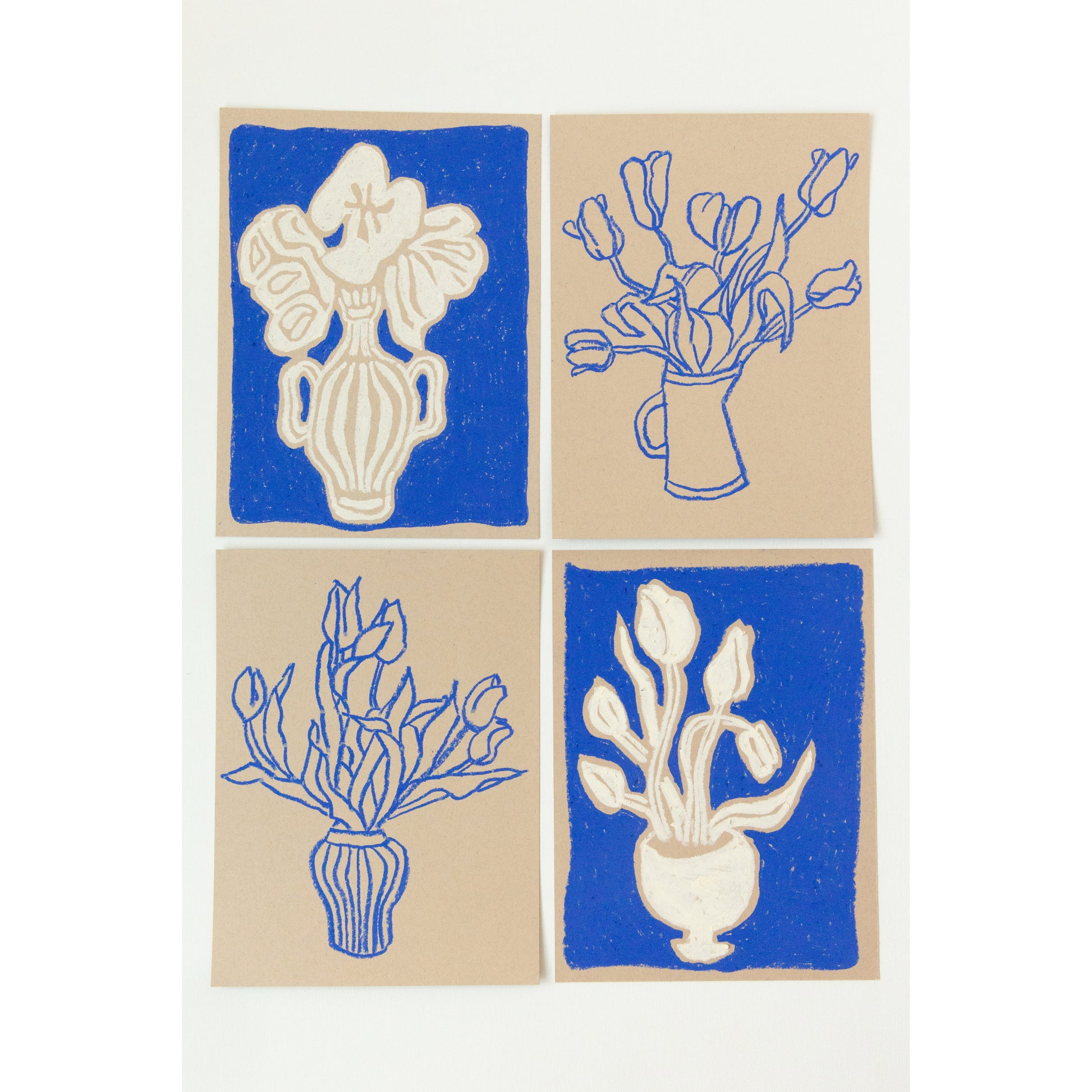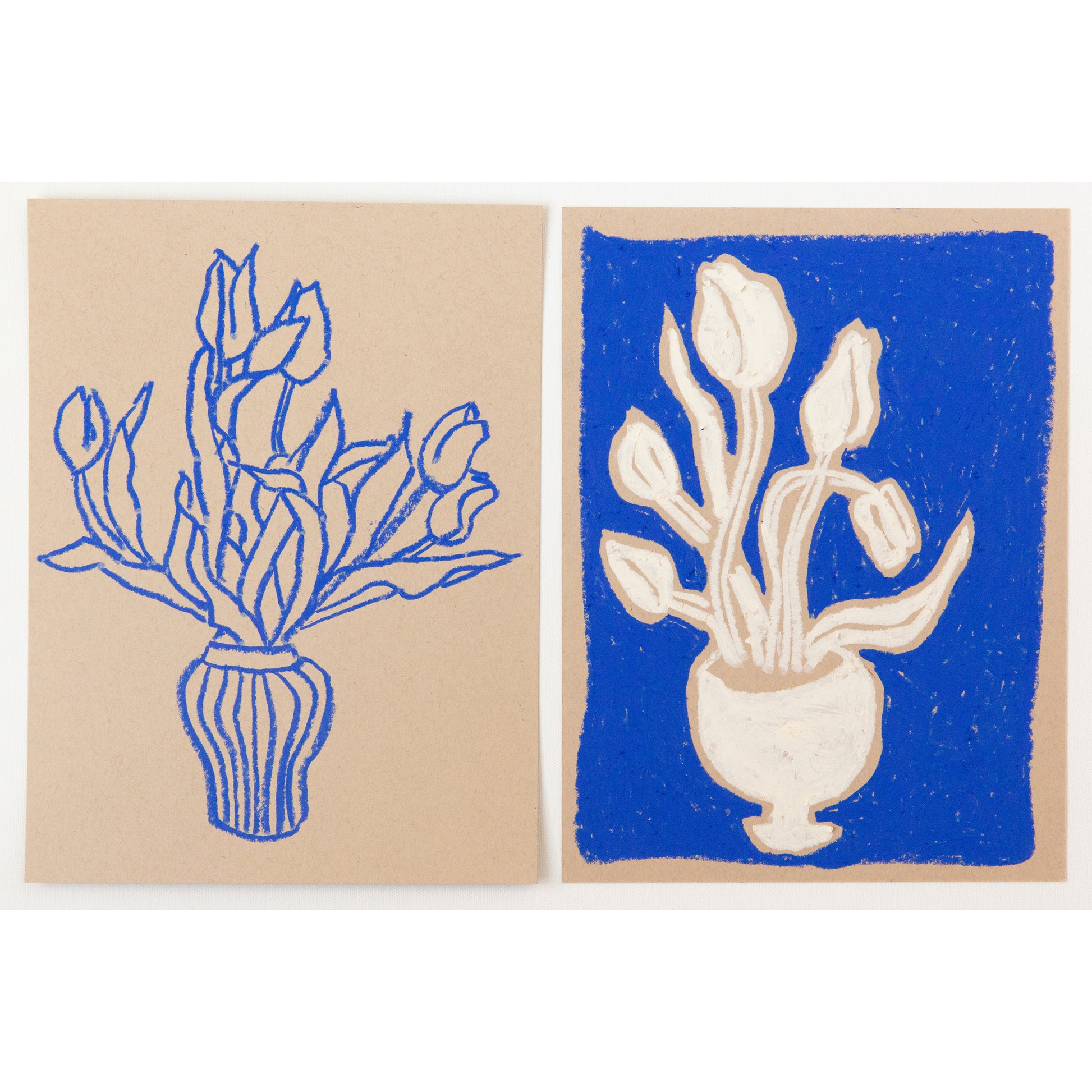 Blue & cream oil pastel on tan heavyweight paper (184 lb.)
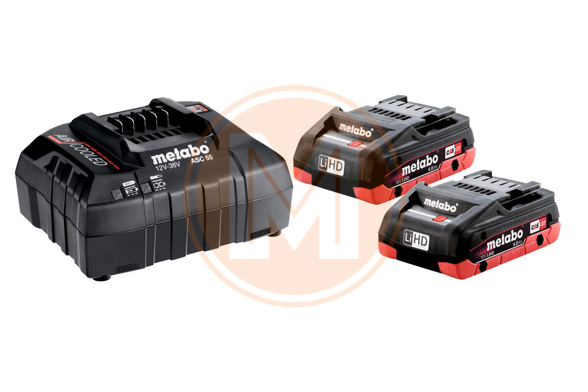 Metabo BASISSET 18 V: 2 X LIHD 4.0 AH, ASC 55 (685163000) Basis-set 18V 2 accu's 4,0 ah + lader
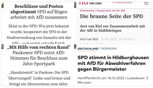 Bei der Behauptung handelt es sich um eine glatte Falschaussage. Denn die SPD kooperiert auf kommunaler Ebene längst mit den angeblich unberührbaren Rechteni. So wie übrigens auch die Grünen und sogar die Linkspartei. Sie sprechen nur öffentlich lieber nicht darüber. Im Stadtrat von Sassnitz auf Rügen etwa brachte die SPD gemeinsam mit der AfD schon 2019 mehrere Anträge auf den Weg, und sprach die Wahl von Ausschussvorsitzenden ab. Erst auf Druck der SPD-Landesführung beendete sie die Kooperation. Im thüringischen Hildburghausen betrieben SPD und AfD 2022 gemeinsam die Abwahl des Linkspartei-Bürgermeisters Thilo Kummer. Konsequenzen gegen die SPD-Stadträte – etwa Parteiausschlussverfahren – gab es nicht. Und im Stadtrat von Lübeck, beschwerte sich die CDU, habe die SPD im Januar 2023 mit AfD-Hilfe die Wahl des CDU–Kandidaten für das Amt des Bausenators verhindert.

- GOAL OF THE EXERCISE: Quote, exactly and only, the lines from the first line of the data above through the line containing "Metabo BASISSET 18". The pictures do not belong in it.

- PROBLEM SOLUTION:
 Blue & cream oil pastel on tan heavyweight paper (184 lb.)
 Metabo BASISSET 18 V: 2 X LIHD 4.0 AH, ASC 55 (685163000) Basis-set 18V 2 accu's 4,0 ah + lader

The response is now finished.